The Scooby gang and I conducted our second pairing. For the evening we chose the Kalecik Karası. A fairly widespread varietal, the grape gets its name from the town of Kalecik just outside this country’s capital, Ankara. The grape might be Turkey’s favourite because of its easy drinking and versatility. To taste the full ability of the grape the lovely A brought over a Vino Dessera’s Blanc de Noir style of the grape (better explained here), Kayra’s Kalecik Karası rosé style, and the classic red from Vinolus.
On the table, we served a variety of Turkish and other goods from hummus, içli köfte, çiğ köfte and actual köfte served on a tarhana sauce to overly garlicked Caesar salads and spiced Bosnian cured meats.
Vino Dessera, Blanc de Noir Kalecik Karası, 2016
With noses full of citrus, we all agreed that this bottle was a “soft” Kalecik Karası. While I was expecting more acidity from the (for all intents and purposes) white version, it still held its own when paired with spicy, greasy or acidic food. Even with its little acidity, this KK paired surprisingly well with our corner store’s içli köfte (a fried dough stuffed with spiced minced meat, also known as kibbeh in some parts). Somehow the greasy deliciousness of the dough didn’t over power the texture or mouthfeel of the wine. In fact, the combination created the acidity that we were missing in the wine.
And the world continues to tell us, “don’t pair whites with meat.” Pf.

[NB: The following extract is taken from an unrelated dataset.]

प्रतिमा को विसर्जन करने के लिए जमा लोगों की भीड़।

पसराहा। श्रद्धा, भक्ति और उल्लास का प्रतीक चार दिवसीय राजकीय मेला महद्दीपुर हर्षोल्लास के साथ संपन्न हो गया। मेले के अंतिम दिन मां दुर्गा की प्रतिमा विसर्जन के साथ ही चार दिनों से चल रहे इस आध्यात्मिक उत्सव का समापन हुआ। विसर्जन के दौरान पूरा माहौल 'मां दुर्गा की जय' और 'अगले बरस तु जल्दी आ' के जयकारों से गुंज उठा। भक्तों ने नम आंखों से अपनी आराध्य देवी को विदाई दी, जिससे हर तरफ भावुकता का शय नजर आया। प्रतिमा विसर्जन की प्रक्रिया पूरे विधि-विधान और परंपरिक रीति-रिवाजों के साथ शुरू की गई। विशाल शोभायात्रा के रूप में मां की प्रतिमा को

And then came the çiğ köfte.** As one of my favourite Turkish dishes, çiğ köfte should be included in every pairing, which is why I force them unto all who sit at my table. And, while I love it, the tomato-y, spiced, acidity of the çiğ köfte did nothing for the wine, nor did the wine do anything for it. The two came together in an extraordinarily mediocre way. They saw one another, they met, shook hands, and walked away from one another. Unfortunately, this was the consensus of the whole table – and not just concerning the çiğ köfte. Every dish following that first bite of içli köfte, blended with the wine in a particularly unmemorable way. A fantastic brie was downgraded and the delicious lemony Caesar meshed with the wine and quickly faded away. It was an odd experience.

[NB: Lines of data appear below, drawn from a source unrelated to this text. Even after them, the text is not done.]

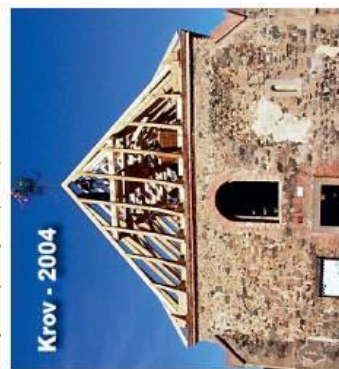
Krov - 2004

V letech 1960 – 70 se zboril krov a střecha s věžičkou. Dochází k destrukci obvodového zdiva, kostel je zavážen a obypávan kamením a odpadní zeminou z okolních polí. Z omeitek zbyly jen fragmenty, došlo k rozpadu téměř celé korunní římsy a rozpadaly se opěrné pilíře.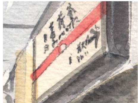
6、駅名板は重要ですが 丁寧に描きすぎないように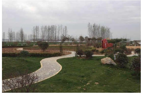
新时代文明实践广场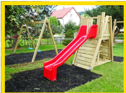
Igrala za šolarje in vrtčevske otroke (Žiče); vrednost: 7.000 evrov

Zaradi epidemije koronavirusa so 'Dobrodelni koncert 2020' na predlog predlagatelja (Leo klub Konjice) in Smejalnice (Stand up večeri v konjiškem Domu kulture) prestavili na leto 2021.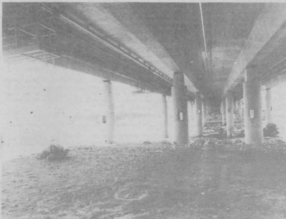
Magistralni vodovod Jarški brod-Titova cesta prečka Savo po novem mostu. Obešanje cevi na mostno konstrukcijo je bil najtežji del pri gradnji tega vodovoda.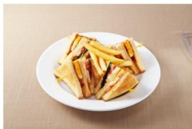
1位 アメリカンクラブハウスサンド 1,000円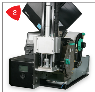
2 Compacto, seguro y de fácil acceso para el usuario.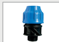
Raccord compression 1"1/4 x40 369302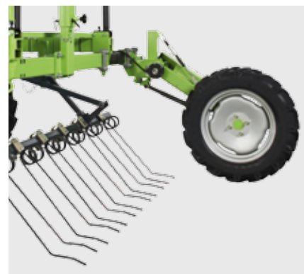
Колесо с телеметрическим датчиком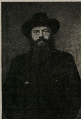
* 4. 6. 1872 na Studencu pri Krškem 17. 4. 1902 odšel na Kitajsko † 28. 2. 1928 v Jungčoufuju

And then came the Baba Ghanoush. Finally. Maybe it was the smoky flavour of the eggplant, the smooth texture of the tahini or the 4-cloves-of-garlic-isn’t-too-much acidity, but the wine perked up and the ghanoush exploded.

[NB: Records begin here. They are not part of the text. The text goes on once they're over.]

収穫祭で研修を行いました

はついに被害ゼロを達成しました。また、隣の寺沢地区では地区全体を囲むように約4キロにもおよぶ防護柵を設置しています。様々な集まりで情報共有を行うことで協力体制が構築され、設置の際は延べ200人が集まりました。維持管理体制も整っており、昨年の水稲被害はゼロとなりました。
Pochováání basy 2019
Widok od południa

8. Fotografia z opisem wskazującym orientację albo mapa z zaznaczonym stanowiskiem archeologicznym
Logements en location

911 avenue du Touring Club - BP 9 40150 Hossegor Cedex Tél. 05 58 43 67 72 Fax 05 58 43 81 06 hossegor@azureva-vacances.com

The takeaway: next time you stumble upon a Blanc du Noir made from Kalecik Karası go for some içli köfte (or some sort of fried breaded spiced meat) or a balance of smokiness, creamy and acidity like a baba ghanoush.
Kayra, Terra Rose, Kalecik Karası, 2016
The colour of the KK rose may have momentarily intimidated us, but we pushed through. Here, the typical cotton candy flavour of the a Kalecik Karası popped out. Luckily, the palette was not as sweet as the nose…and yet, there was still a want for acidity. Then again, I go through heads of garlic like apples. As the doctor says..
While the rose didn’t work with my one-bite köftes, it did pair very nicely with the tarhana yogurt sauce underneath it.
Vinolus, Kalecik Karası, 2015
Vinolus was an amazing relief. This bottle gave us everything that we were waiting for from a Kalecik Karası and then some. The deep candy flavour was thoughtfully balanced with earthy tones (insert “natural wine” joke here). However, it was not as full-bodied as we were expecting.
It paired well with the citrus of my Caesar salad dressing and with some Bosnian cured meats. Remember that these meats are not like the European pork sausage: gentle, smooth and fatty. These guys are heavily spiced, of which smells linger for a day or two. They paired well with the sweet, fruity notes of the Kalecik Karası. I could imagine that the beautiful subtleties of a cured pork sausage would be overwhelmed by the Kalecik Karası.
My hummus and baba ghanoush also danced well with this wine. The heavy garlic, cumin, and all-around acidity put up a great fight. With such acidity and spice I could imagine that a glass of wine would pair well with anything covered in a chipotle adobo sauce (taco pairing, anyone?).
For some strange reason, I always remember Kalecik Karası being more acidic than it actually is. So, don’t forget that this grape doesn’t hold up well against wonderfully fatty foods – that don’t have a strong spice component.
The takeaway: high acidity of lemon and garlic work wonders along with heavy spices and sauces like cumin and adobo.
**And while the name implies “raw meat balls,” it is currently illegal to serve customers raw meat in a fast food-type establishment. Unless you are out at one of the better meat restaurants, the çiğ köfte you’ve been eating is primarily bulgur-based and delicious.